Well, the British BBC is still entrenched in the MS world.
Sad to say, I’m paying for it via a government-imposed tax called a ‘licence’.
Hey iSteve, your reference to Ottawa is actually Oshawa (near TO) and yeah Ont does produce more cars than Michigan… crazy.
With Vista coming into the fold we know that some brave (small) IT departments will do the “upgrade”, I think the question for Apple is, will some of them purchase Apple computers in order to allow movement to OSX in case Msft falls flat on their faces.
OSX Leopard will make this choice easier with more intergration via virtualazation.
In a word, no. Windows is dying a slow, painful death. It is as relevant to computers as Democrats are to American politics.
It could be that this thing will go like a teeter-todder, the weight will suddenly shift towards OSX in a dramatic way.
My 2 cents:
Apple should buy Adobe
Make Adobe/Macromedia products far superior on the mac through integration with OS X and core image/core video/core animation, spotlight, etc.
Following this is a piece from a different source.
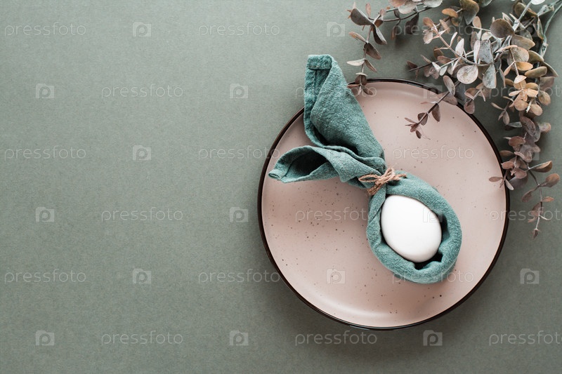 Белое куриное яйцо завернуто в салфетку в виде кролика на тарелке и ветки эвкалипта на зеленом фоне. Экологически чистая счастливая пасха. Вид сверху
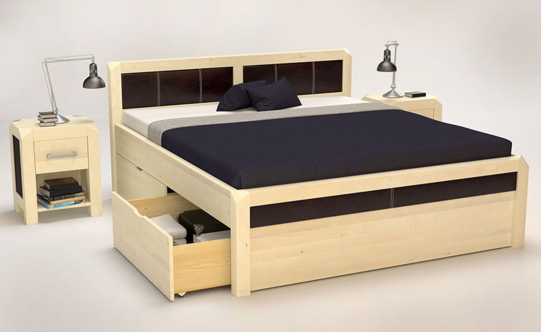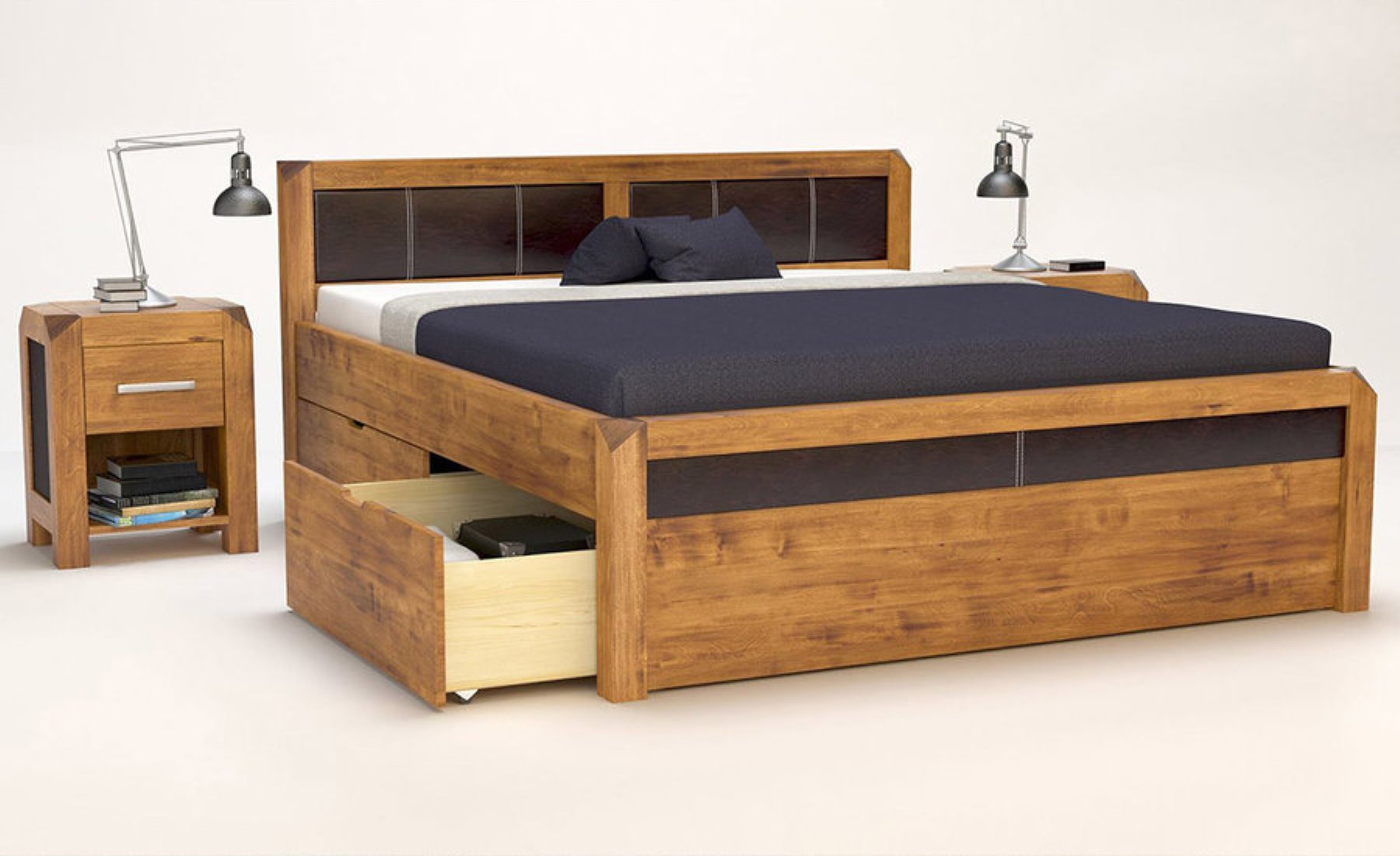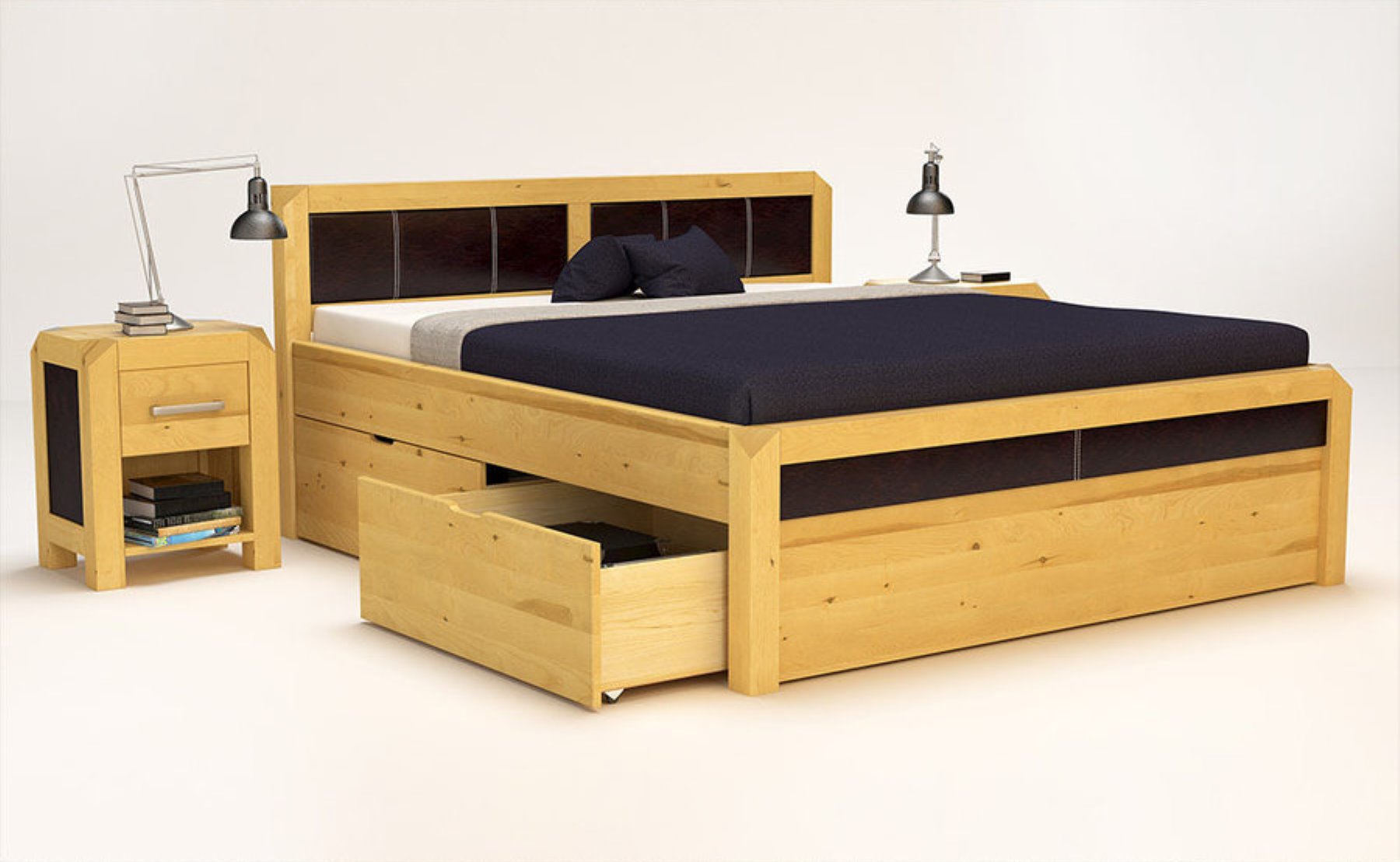MODENA-VERSO Massivholzbett mit 4 x Bettschubladen

Continue to make macs the ultimate platform for running windows but add many more reasons for people to boot only the mac os. Speed, stability, eye candy, superior apps, etc.
Make an Office killer
______________
The problem for the last several years is that software developers have tried there best to be platform agnostic. They want their apps to be the same across the board. So adobe, who let Illustrator languish for years on the pc, made the two versions equal, etc. The only way around this is for apple to buy/develop their own apps that rock everybodies world and once again bring us to the place where the real pros must use the mac or be left behind. We are getting there with small developers creating apps that take advantage of core image, for example. And Apple has some pro apps that are becoming the must-haves of the video and photo world. Why not do the same for the graphic design, engineering, education, etc. fields.
I sound like a broken record cause I always go back to the same strategy.